Stoned Moments — Discovering I’m a Cat Person

Always Thought I was a Dog Guy. But Now I’m Not So Sure.

Bryce Post
6 min readSep 18, 2023

Free-flowing and frequently amusing thoughts often percolate through my brain after I smoke, vape, or nosh on a creative-inducing strain of cannabis. Sometimes I decide to jot down these stoned moments. Then, after a nap (and occasionally forgetting I even wrote anything until checking my notes), I go back and do a little sober editing. But I’ve never shared these thoughts with anyone. After a good deal of thought, I believe it’s time to start sharing these thoughts as a unique way to normalize the herb while also showcasing its creative capability. Maybe these toughtgasms will merely blow some minds and/or provide a few laughs along the way, thereby reducing the stigma that certain artistic and creative individuals may have about the plant. PLEASE NOTE: I am in no way encouraging anyone under the age of 21 to consume cannabis for any reason. I simply aim to show a fresh facet of my writing while advocating for something I believe will be beneficial to others.

It wasn’t until maybe close to three years ago that I understood I was a cat person.

It was right before an overwhelming majority of the population pronounced the pandemic to be genuine, not because trained healthcare professionals said so or because our world leaders suddenly began investing in Pfizer. It was when Tom Hanks became sick with COVID and then the NBA was forced to shut down. Around that same time, myself and my ex took in the 17-year-old cat from her family.

After we adopted Fifi the cat (just an FYI, I had nothing to do with the name), a flood of memories I had forgotten (or perhaps blocked out) came bursting back to me after all these years. I remembered that whenever I visited a friend who owned a cat, at some point in the covo, they’d usually say something to the effect of,

“Oh wow, my cat, Mr. SaucyBritches, seems to really like you for some reason.”

Chances are, I wouldn’t have remembered if this was just a one-time occurrence. But, because this reaction was communicated verbally several times by various cat owners, it must have stuck with me somewhere, despite nearly forgetting about them. I never gave it much thought, probably because I was distracted by getting stoned alongside my friends. Honestly, my buddies could have easily said, “Oh, serial killers seem to really like you.”

To be clear, as far as I know, nobody has ever said that to me, but the same principle applies. If it was just a one-time thing, I’d probably think the person was high or something. But if multiple people (especially serial killers) said that, it’s bound to stay there somewhere. Side note: You may find it upsetting that I tangentially compared cats to serial killers, but that’s only because most cats are serial killers if you think about it. They crave a routine, even if it’s weird; they bring you trophies of their kills; they stare at you uncomfortably; they stalk their prey; they often, but not always, torture their prey. Cats are the serial killers of the animal kingdom.

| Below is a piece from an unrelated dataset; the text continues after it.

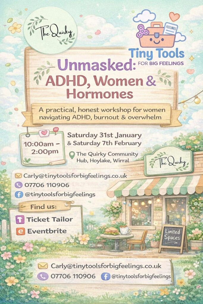 • A practical workshop for women focused on ADHD, hormonal wellbeing, burnout and overwhelm, running on two Saturdays (January 31st & February 7th) at The Quirky Community Hub in Hoylake.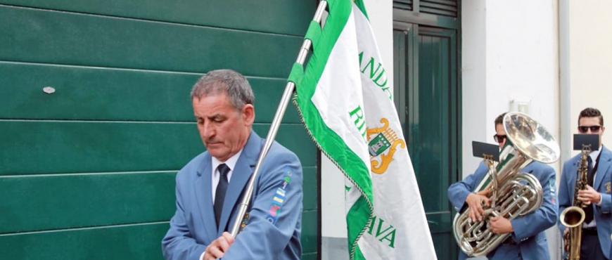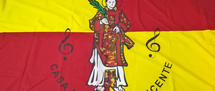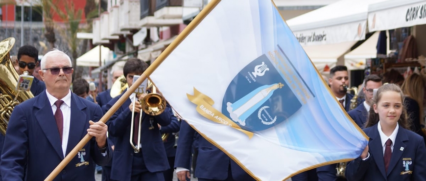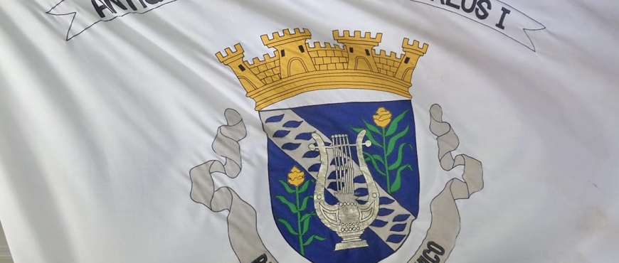 En el centro de la bandera rectangular en tela blanca, es el emblema de la institución, que consiste en la lectura de color marrón y la silueta en el fondo blanco de Nossa Senhora, con halo amarillo, escudo suizo en dos colores, fondo verde izquierda y azul a la derecha; en contracabeza, banda blanca con el nombre «Banda Arco S. Jorge». El escudo está flanqueado por tres hojas de vacío (incluidas en el escudo de armas) y, junto a la base, por racimo de uvas. Debajo del emblema, la lista superior de fondo lila con la leyenda negra «Ass. Rec.…

Anyway, the point is, this old ass-cat took a liking to me as well. And, sure enough, the now-ex-goddess had the same reaction when we took in this 87-year-old serial killer.

I don’t exactly know why cats like me, but I have an idea. I think it’s because I give off a certain absentee parent vibe to them. You know, like the kind of vibe from those movies where the kid and or their friends are leaving the house at night to either save the world, solve a crime, or go to a party and they see their (often but not always) drunken dad downstairs with his face plastered to the TV as he’s tightly clutching a bottle of brown liquid that smells like a combo of gasoline and turpentine. Yeah, that’s me in this scenario. And the cat is the kid, in case it wasn’t obvious — this 96-year-old cat.

With cats, I honestly don’t give a shit, but neither do they, it seems, so it all evens out. I liked what Marc Maron said on his podcast one time when he explained why he wasn’t a dog person.

“I can’t have anything in the house that’s more needy than me.” — Marc Maron

Cats seem to just pick up my vibe. This old ass-cat was no exception. Was it annoying that she’d sometimes attempt to lay on my hands as I was typing away at some poetry on my laptop? For a moment, but, we’d talk it out and she’d quickly decide to lay on my lap or rest her head on my leg as if it were a fat, fleshy chaise lounge.

After maybe a week or two removed from when we brought this 112 year old cat home, I’d find myself randomly speaking to her, as if she were a person. I have no idea if she understood me, but it seemed to make he feel good, or at least like I noticed her or something.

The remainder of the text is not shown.